Dalila et l'Homme de l'espace (1949, Delilah and the Space Rigger) :
Tiny Larsen est responsable de la construction d'une station à 36000 kilomètres d'altitude, et accueille à son brod le nouvel opérateur radio G. Brooks McNye qui s'avère être une femme (le « G » étant le diminutif de « Gloria »). Le chef de chantier est outré de la supercherie et entre un colère noir : point de femelles dans l'Espâce ! Les mystérieux arrêts maladies se multiplient à grande vitesse, et de fil en aiguille c'est rapidement l'ultimatum : pour les ouvriers spatiaux en grève, ou il l'accepte la parité ou ils repartent tous sur Terre et lui avec ! Car pour l'auteur comme pour les ouvriers spatiaux, il ne fait aucun doute que la femme est l'avenir de l'homme... Car nous nous élevons et nous tombons tous ensemble (Martin Luther King Copyright ^^)...
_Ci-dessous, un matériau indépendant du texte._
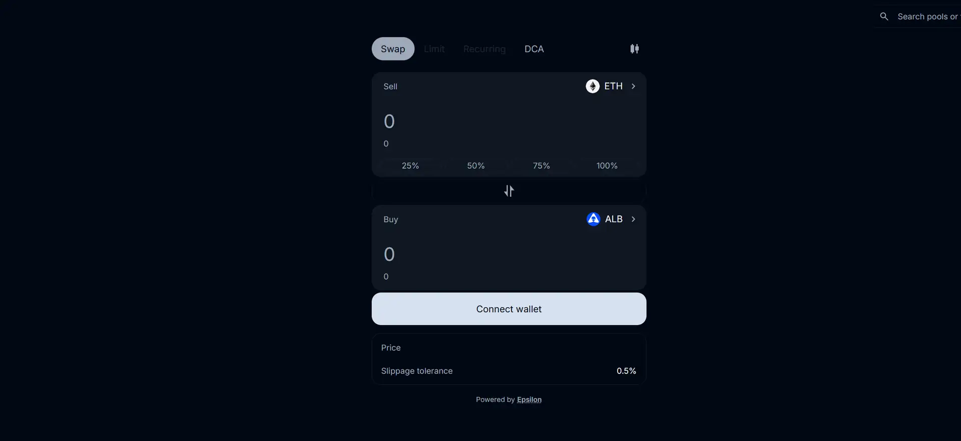 - Start Trading: Navigate to the "Launch App" interface and begin swapping any token on Base with optimal execution powered by Epsilon.

L'auteur traite avec tact et pudeur de la très difficile intégration des femmes au marché du travail, problème toujours d'une brûlante actualité avec les inégalités salariales et le plafond de verre. Oui mais non, les bobos et les féminos continuent d'accuser l'auteur de machisme et de sexisme, et pas mal d'entre eux et d'entre elles sont dans l'édition et font du révisionnisme culturel pour salir sa mémoire et le faire tomber dans l'oubli. Franchement, ils n'ont pas mieux à faire pour faire avancer leurs idées ???